• _WORK TO COMPLETE_: For this exercise, output the entries below exactly from the line that holds "2016年9月 組合員の皆さんの稲刈りの様子" to the line that holds "Озод юртнинг обод уйлари", both ends included. No pictures belong in the copy.

• _Extracted data entries_:
··········

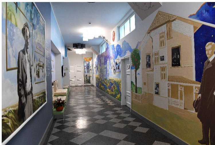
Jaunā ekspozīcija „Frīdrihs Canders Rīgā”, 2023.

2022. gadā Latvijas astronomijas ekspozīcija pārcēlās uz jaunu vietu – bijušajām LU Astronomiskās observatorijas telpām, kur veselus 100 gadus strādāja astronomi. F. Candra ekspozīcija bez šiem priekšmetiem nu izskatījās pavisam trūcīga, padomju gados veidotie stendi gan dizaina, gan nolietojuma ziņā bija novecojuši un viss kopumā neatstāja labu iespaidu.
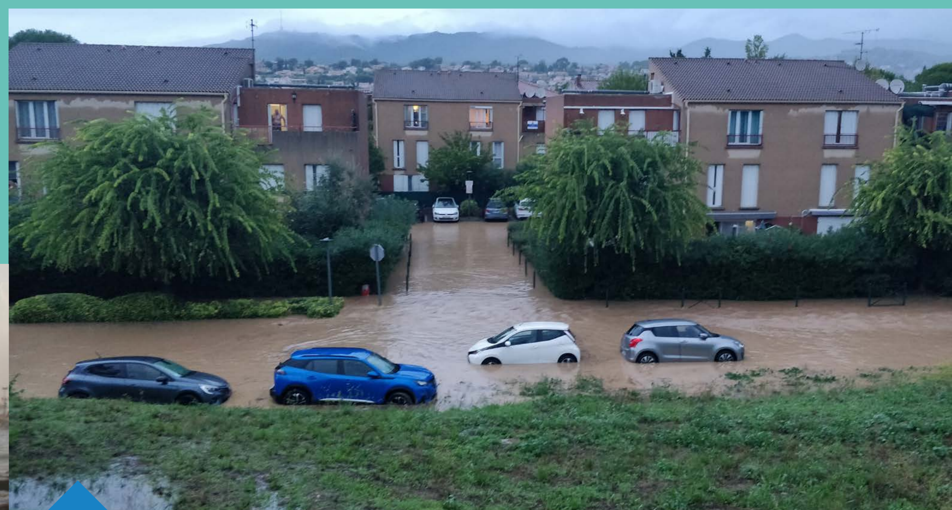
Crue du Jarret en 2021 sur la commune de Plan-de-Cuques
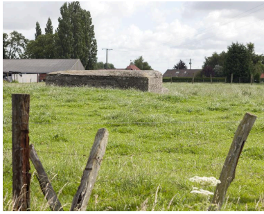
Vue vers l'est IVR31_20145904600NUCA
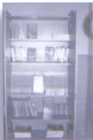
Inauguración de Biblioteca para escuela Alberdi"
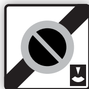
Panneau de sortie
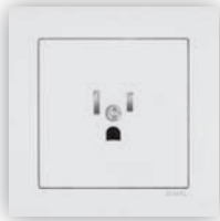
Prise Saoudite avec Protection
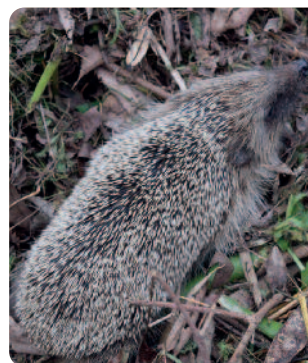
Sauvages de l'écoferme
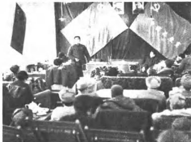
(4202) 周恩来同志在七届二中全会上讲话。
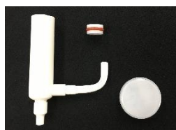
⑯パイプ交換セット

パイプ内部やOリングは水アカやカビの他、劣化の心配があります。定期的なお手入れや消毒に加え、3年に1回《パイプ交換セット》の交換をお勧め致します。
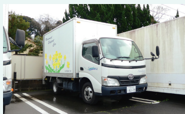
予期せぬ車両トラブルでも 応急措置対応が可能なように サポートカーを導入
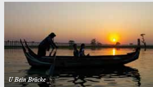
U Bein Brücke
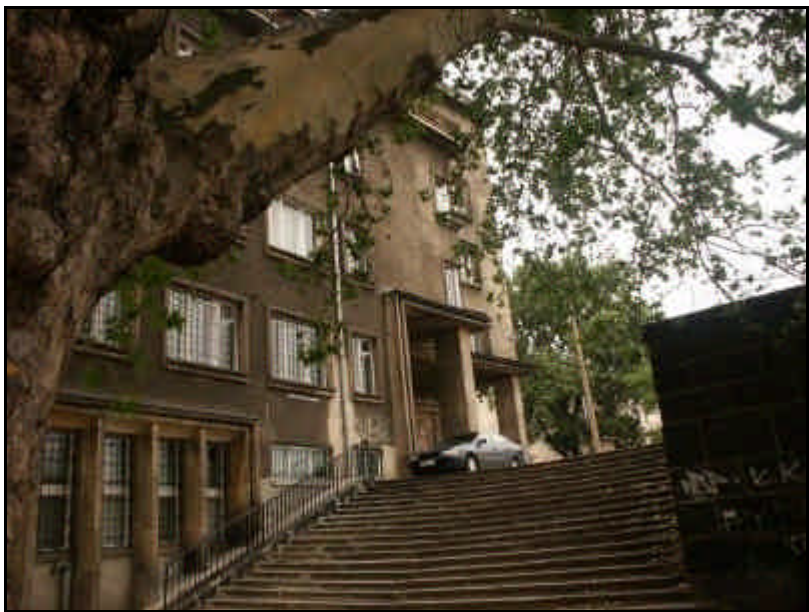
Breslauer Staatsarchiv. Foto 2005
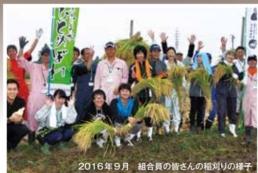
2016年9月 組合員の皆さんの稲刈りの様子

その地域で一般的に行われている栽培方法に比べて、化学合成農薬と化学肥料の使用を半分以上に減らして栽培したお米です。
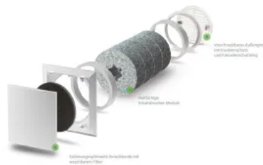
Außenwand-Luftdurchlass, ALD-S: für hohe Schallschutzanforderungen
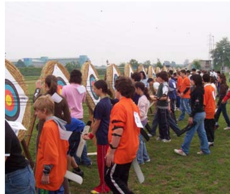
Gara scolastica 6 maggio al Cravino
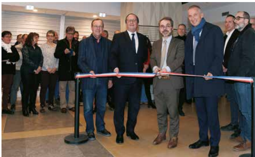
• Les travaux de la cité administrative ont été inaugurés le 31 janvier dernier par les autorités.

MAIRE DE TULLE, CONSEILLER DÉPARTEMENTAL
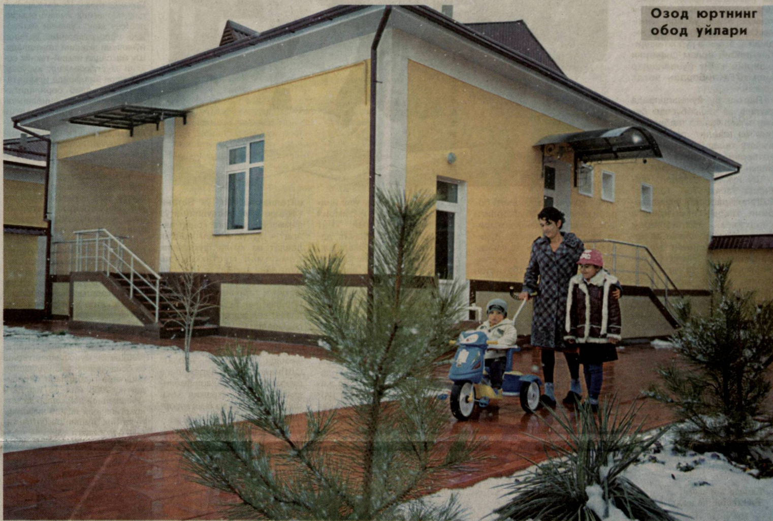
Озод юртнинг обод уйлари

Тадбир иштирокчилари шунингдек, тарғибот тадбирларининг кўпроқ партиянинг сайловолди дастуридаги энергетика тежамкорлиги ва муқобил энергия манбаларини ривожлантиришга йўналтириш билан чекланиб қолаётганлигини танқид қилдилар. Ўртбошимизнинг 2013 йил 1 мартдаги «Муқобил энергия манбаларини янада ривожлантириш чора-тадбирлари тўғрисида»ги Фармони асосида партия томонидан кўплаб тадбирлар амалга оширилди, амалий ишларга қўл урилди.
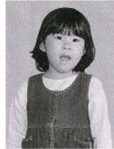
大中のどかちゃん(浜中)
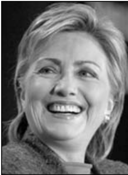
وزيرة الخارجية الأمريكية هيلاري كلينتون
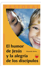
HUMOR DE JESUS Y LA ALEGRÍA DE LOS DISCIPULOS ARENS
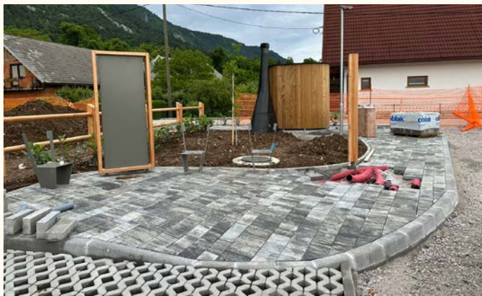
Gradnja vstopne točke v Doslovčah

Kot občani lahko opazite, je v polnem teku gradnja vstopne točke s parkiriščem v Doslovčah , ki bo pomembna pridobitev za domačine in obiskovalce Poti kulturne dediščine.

··········

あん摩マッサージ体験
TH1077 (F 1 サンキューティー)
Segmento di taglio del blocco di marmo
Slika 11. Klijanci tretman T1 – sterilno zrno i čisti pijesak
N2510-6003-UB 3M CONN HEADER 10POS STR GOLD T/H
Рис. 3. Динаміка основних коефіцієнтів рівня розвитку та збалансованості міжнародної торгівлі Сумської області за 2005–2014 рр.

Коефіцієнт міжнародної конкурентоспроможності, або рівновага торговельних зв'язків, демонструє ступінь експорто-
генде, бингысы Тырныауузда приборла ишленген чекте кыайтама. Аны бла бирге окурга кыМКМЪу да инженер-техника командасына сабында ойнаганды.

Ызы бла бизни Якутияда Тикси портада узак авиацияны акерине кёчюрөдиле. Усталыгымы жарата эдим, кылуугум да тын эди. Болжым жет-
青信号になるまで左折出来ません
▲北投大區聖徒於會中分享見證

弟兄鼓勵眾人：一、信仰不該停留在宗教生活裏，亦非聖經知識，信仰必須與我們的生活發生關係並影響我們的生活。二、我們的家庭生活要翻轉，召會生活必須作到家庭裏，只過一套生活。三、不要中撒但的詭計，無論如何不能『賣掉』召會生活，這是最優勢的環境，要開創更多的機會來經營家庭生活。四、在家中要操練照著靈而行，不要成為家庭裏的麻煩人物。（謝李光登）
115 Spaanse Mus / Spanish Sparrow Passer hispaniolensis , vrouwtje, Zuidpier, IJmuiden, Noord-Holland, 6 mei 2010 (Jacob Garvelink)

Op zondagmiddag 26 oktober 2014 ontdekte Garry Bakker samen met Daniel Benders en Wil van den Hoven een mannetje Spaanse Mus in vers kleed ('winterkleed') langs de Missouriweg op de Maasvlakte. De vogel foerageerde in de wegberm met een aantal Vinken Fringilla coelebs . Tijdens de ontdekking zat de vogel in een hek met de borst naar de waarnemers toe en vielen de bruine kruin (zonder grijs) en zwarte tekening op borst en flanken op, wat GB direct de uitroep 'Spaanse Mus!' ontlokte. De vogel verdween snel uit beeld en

··········

• _TASK ANSWER_:
2016年9月 組合員の皆さんの稲刈りの様子

その地域で一般的に行われている栽培方法に比べて、化学合成農薬と化学肥料の使用を半分以上に減らして栽培したお米です。
Außenwand-Luftdurchlass, ALD-S: für hohe Schallschutzanforderungen
Gara scolastica 6 maggio al Cravino
• Les travaux de la cité administrative ont été inaugurés le 31 janvier dernier par les autorités.

MAIRE DE TULLE, CONSEILLER DÉPARTEMENTAL
Озод юртнинг обод уйлари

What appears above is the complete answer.